A key leader in the psychiatric community has rejected the idea of altering the name of a traumatic condition affecting an estimated tens of thousands of U.S. combat veterans -- a move that effectively blocks growing efforts by a small group of psychiatrists and military brass concerned about reducing patient stigma.

Dr. Matthew Friedman, who is chairing the committee that is updating the trauma section of the dictionary of mental illness, said changing the name of the condition could have "unintended negative consequences" because "it would confuse the issue and set up diagnostic distinctions for which there is no scientific evidence." The dictionary, known as the Diagnostic and Statistical Manual of Mental Disorders, is considered the bible by the psychiatric association.

Last year, then-Army Vice Chief of Staff Peter Chiarelli asked the American Psychiatric Association to modify the name of Post-Traumatic Stress Disorder.

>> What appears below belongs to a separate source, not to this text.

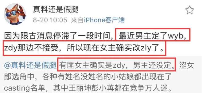 《有翡》这部剧从3年前买下版权决定要开拍之时,选角就一直饱受争议,从胡一天、朱一龙、金晨,到定了周冬雨,男主还没定;后来男主定了王一博,周冬雨那边不接受,所以女主角改成了赵丽颖......总之就当红的流量都被剧方溜了一个遍。
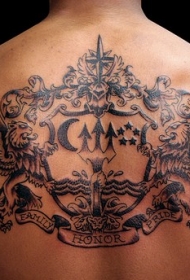 背部狮子徽章星星月亮纹身图案

The four star general says calling the condition a "disorder" perpetuates a bias against the mental health illness and is a barrier to veterans getting the care they need.

More recently, two leading trauma psychiatrists similarly asked the Association, which is updating its dictionary of mental health illness, to change the word "disorder" to "injury," calling the condition PTSI instead.

But at Monday's psychiatric association annual conference, Friedman said the net effect of such a modification would be to tinker with a psychiatric diagnosis rather than help patients. "To change to PTSI without anything else would accomplish nothing positive," Friedman said.